Григорий Антонович округлил глаза, голос, прозвучавший в голове, показался ему очень знакомым. «Не верь ему, Мьорр! Это говорю тебе я, Кдахна».
«Кому это – ему?! Неужели…», – мысленно отозвался Григорий Антонович новой собеседнице.
«Да, Гриша, да, это Сагутарх явился под моей личиной. Он, собака, хочет воззвать к твоей чести, к твоей ярости, чтобы воссоздать Воителей Гнева и вернуть их под свой контроль».
«Это я понял, – ответил Григорий Антонович, разглядывая поросшую мхом стенку колодца, – И ему они нужны вовсе не для борьбы с Ковчегом, так?».
«Красавчик, Григорий! Я не сомневалась в тебе, когда мы ныкали коды перед ссылкой. Не помнишь ни хрена, да? А это ведь я уговорила, чтобы всё поместить в тебя, а ты – давай раздадим, давай раздадим, чтоб хотя бы у пятерых были, а то мало ли что. Вот видишь – мало ли что чуть и не случилось».
«Ну да. А эта, то есть этот нас не слышит?»
«Не боись, мы тоже время на паузу ставить умеем. Только моя пауза совсем недолгая будет, энергии маловато».

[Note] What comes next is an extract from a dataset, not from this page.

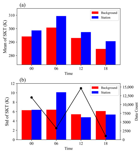 (a) Mean,(b) standard deviation (Std) and data volume values (solid lines in (b)) of the background SKT (red) and the AWS observations (blue) at satellite observation points at different times from 1 to 15 September 2021.
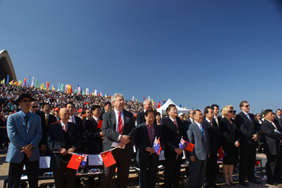 2009年9月6日,澳大利亚新南威尔士州华侨华人逾万人在悉尼歌剧院广场隆重集会,热烈庆祝中华人民共和国六十华诞。中国驻澳大利亚大使章均赛、驻悉尼总领事胡山、澳总理陆克文代表联邦议会多元文化事务次长劳理·弗格森(Laurie Ferguson)、新南威尔士州长内森·李斯(Nathan Rees)等应邀出席并致词。

«Понял. Ты хоть скажи, что на самом деле творится…там?»,
«Там, то есть – здесь, всё норм. Ковчегу кирдык, мы его дезинтегрировали до последнего гадского бозона. Нет их больше. А этот, козлина, сбежал. Узнал как-то про то, что коды у тебя (тоже ведь нашлась сука какая-то, сболтнула), и примчался вот ныть, да выпрашивать, якобы для спасения родного мира, или чего там? Для мести? Ну конечно. Думает, с помощью Воителей сможет сам избежать возмездия, хрена ему лысого! Он тебе ещё показывал, небось, что всё сгорело и всех убили. Фигня всё это, планеты все наши целёхоньки, так что не ссы».
«Погоди, Разящая, свет очей моих и огня ярости, что за лексикон у тебя?».
«Дык это у тебя спросить надо, Гриша, ёкарный бабай. Ясен пень, это не твой конкретно лексикончик, но твоего круга общения, и вообще – всей культурной среды, где ты прозябаешь. Мне же, чтобы с тобой нормально общаться, пришлось в башку тебе влезть и изучить всё. Ой, чего там только нет, Григорий, как тебя в дурку ещё не закрыли… Ну да это не важно, язык твой зато я выучила».
«М-да. А Ильинична… ну, то есть этот сказал, что ты погибла на Галосе».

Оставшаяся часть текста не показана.